With all images left out, restate the records below exactly as written.

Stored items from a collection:
════════════════════

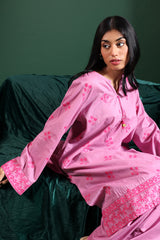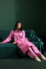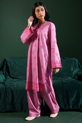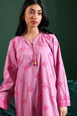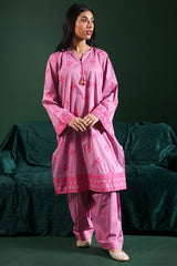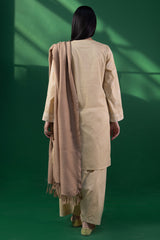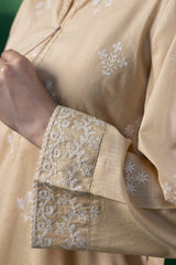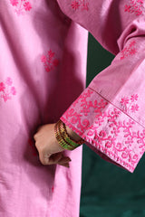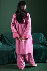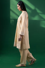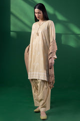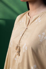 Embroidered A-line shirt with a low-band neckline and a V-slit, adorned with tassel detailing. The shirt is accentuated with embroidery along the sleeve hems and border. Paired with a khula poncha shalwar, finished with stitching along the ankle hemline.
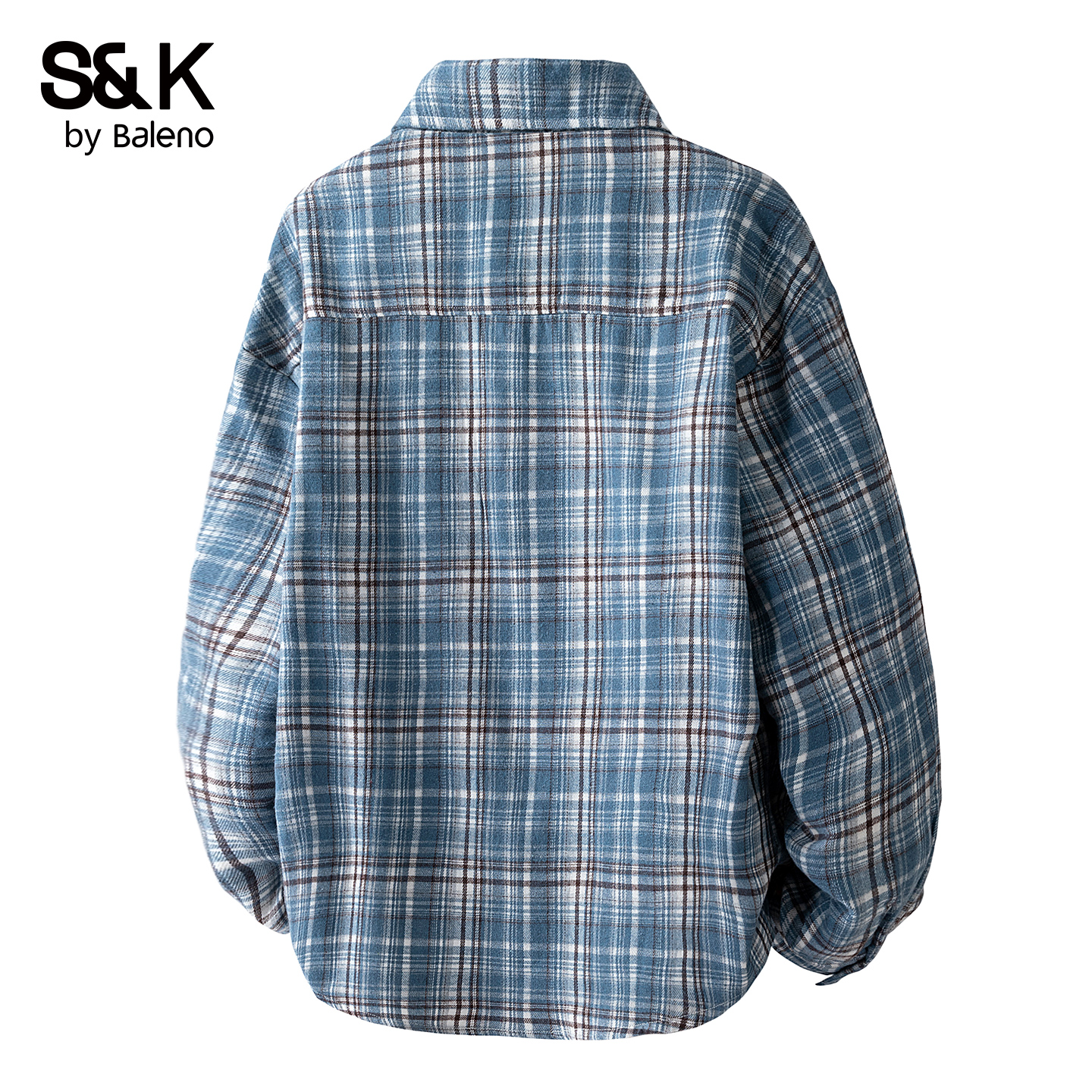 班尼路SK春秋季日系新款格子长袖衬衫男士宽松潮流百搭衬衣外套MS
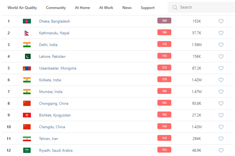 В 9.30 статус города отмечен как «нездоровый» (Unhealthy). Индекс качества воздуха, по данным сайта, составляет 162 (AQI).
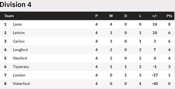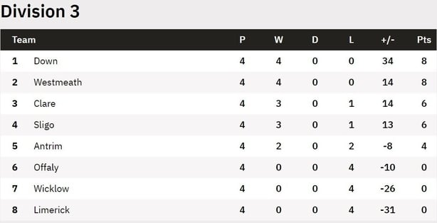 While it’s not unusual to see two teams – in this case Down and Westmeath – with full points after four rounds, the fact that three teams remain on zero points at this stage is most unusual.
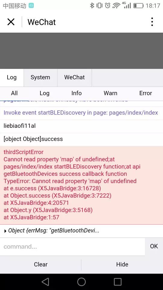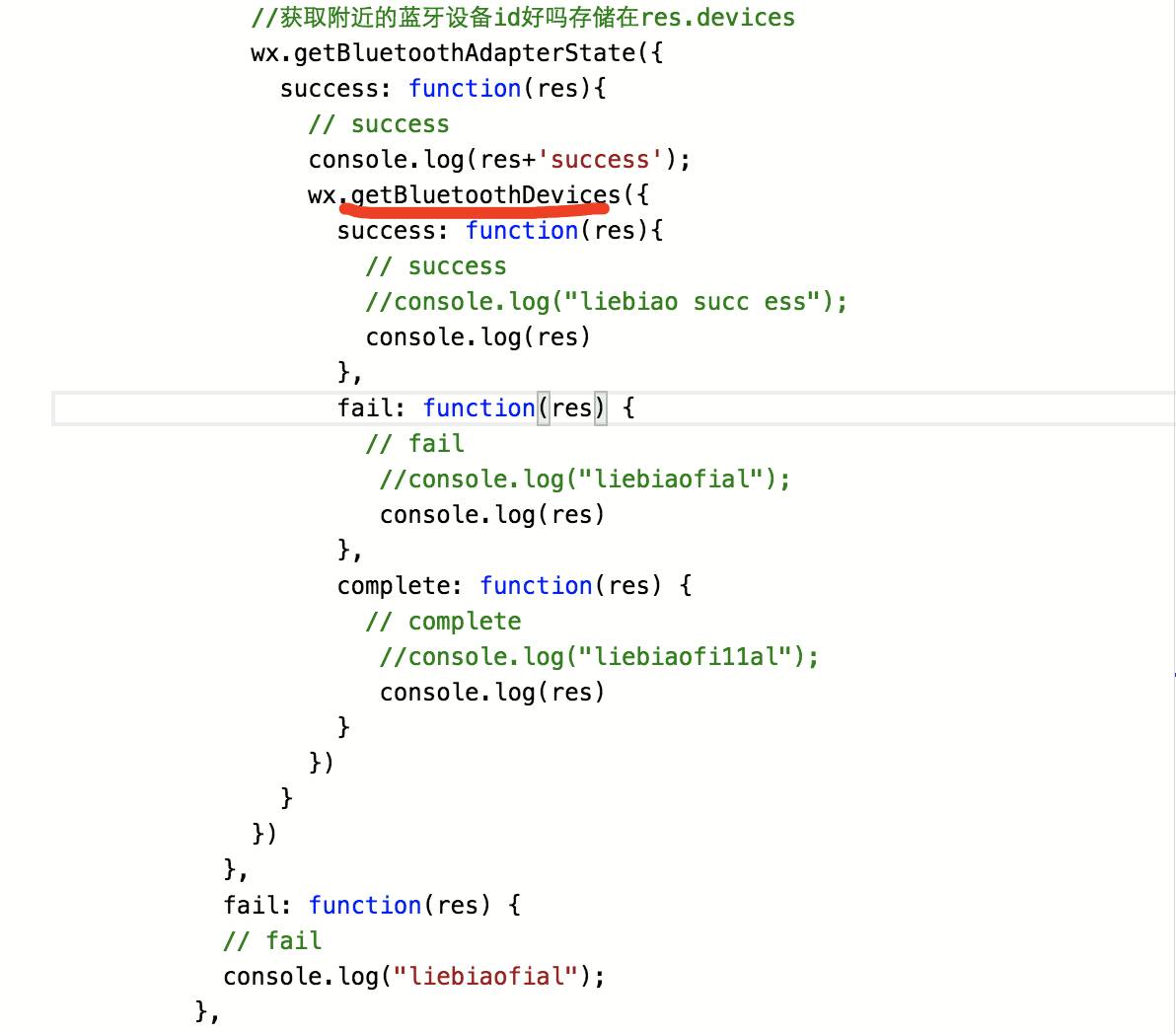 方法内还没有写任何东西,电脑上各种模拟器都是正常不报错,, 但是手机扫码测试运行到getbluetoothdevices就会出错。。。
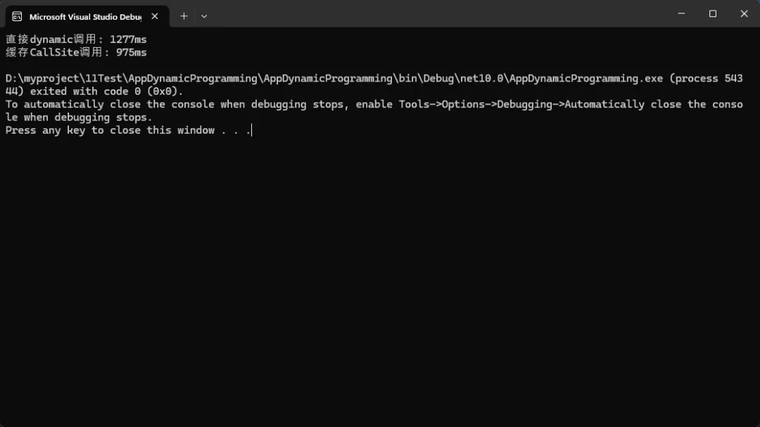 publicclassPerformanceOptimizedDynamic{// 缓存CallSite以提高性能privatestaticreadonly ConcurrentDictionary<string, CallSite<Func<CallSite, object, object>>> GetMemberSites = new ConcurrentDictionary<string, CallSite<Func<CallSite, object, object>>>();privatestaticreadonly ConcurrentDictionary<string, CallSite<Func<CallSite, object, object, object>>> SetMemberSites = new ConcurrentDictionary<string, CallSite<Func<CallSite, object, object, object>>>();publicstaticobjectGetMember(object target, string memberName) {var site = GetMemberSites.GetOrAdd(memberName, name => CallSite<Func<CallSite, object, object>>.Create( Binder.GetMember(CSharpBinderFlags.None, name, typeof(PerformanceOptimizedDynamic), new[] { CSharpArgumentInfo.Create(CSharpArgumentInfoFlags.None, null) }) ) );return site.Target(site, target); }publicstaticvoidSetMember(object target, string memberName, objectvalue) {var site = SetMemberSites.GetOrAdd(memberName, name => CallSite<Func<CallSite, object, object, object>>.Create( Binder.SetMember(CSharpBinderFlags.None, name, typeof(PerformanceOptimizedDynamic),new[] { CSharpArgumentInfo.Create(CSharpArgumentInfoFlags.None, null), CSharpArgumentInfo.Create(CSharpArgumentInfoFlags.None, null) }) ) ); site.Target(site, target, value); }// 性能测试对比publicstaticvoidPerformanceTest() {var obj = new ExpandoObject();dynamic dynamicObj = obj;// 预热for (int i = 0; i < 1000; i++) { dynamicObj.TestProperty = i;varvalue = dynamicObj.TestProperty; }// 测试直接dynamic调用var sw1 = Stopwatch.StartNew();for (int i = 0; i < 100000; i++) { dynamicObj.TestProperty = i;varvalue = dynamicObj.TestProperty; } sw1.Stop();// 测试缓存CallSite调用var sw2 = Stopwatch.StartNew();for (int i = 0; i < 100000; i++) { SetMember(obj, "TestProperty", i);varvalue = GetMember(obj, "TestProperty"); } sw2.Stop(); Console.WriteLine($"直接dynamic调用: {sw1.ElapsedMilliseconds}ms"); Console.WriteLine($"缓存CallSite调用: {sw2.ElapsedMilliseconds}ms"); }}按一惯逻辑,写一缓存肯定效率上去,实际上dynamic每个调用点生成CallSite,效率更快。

════════════════════

RESPONSE TO THE EXERCISE -
 Embroidered A-line shirt with a low-band neckline and a V-slit, adorned with tassel detailing. The shirt is accentuated with embroidery along the sleeve hems and border. Paired with a khula poncha shalwar, finished with stitching along the ankle hemline.
 班尼路SK春秋季日系新款格子长袖衬衫男士宽松潮流百搭衬衣外套MS
 В 9.30 статус города отмечен как «нездоровый» (Unhealthy). Индекс качества воздуха, по данным сайта, составляет 162 (AQI).
 While it’s not unusual to see two teams – in this case Down and Westmeath – with full points after four rounds, the fact that three teams remain on zero points at this stage is most unusual.
 方法内还没有写任何东西,电脑上各种模拟器都是正常不报错,, 但是手机扫码测试运行到getbluetoothdevices就会出错。。。
 publicclassPerformanceOptimizedDynamic{// 缓存CallSite以提高性能privatestaticreadonly ConcurrentDictionary<string, CallSite<Func<CallSite, object, object>>> GetMemberSites = new ConcurrentDictionary<string, CallSite<Func<CallSite, object, object>>>();privatestaticreadonly ConcurrentDictionary<string, CallSite<Func<CallSite, object, object, object>>> SetMemberSites = new ConcurrentDictionary<string, CallSite<Func<CallSite, object, object, object>>>();publicstaticobjectGetMember(object target, string memberName) {var site = GetMemberSites.GetOrAdd(memberName, name => CallSite<Func<CallSite, object, object>>.Create( Binder.GetMember(CSharpBinderFlags.None, name, typeof(PerformanceOptimizedDynamic), new[] { CSharpArgumentInfo.Create(CSharpArgumentInfoFlags.None, null) }) ) );return site.Target(site, target); }publicstaticvoidSetMember(object target, string memberName, objectvalue) {var site = SetMemberSites.GetOrAdd(memberName, name => CallSite<Func<CallSite, object, object, object>>.Create( Binder.SetMember(CSharpBinderFlags.None, name, typeof(PerformanceOptimizedDynamic),new[] { CSharpArgumentInfo.Create(CSharpArgumentInfoFlags.None, null), CSharpArgumentInfo.Create(CSharpArgumentInfoFlags.None, null) }) ) ); site.Target(site, target, value); }// 性能测试对比publicstaticvoidPerformanceTest() {var obj = new ExpandoObject();dynamic dynamicObj = obj;// 预热for (int i = 0; i < 1000; i++) { dynamicObj.TestProperty = i;varvalue = dynamicObj.TestProperty; }// 测试直接dynamic调用var sw1 = Stopwatch.StartNew();for (int i = 0; i < 100000; i++) { dynamicObj.TestProperty = i;varvalue = dynamicObj.TestProperty; } sw1.Stop();// 测试缓存CallSite调用var sw2 = Stopwatch.StartNew();for (int i = 0; i < 100000; i++) { SetMember(obj, "TestProperty", i);varvalue = GetMember(obj, "TestProperty"); } sw2.Stop(); Console.WriteLine($"直接dynamic调用: {sw1.ElapsedMilliseconds}ms"); Console.WriteLine($"缓存CallSite调用: {sw2.ElapsedMilliseconds}ms"); }}按一惯逻辑,写一缓存肯定效率上去,实际上dynamic每个调用点生成CallSite,效率更快。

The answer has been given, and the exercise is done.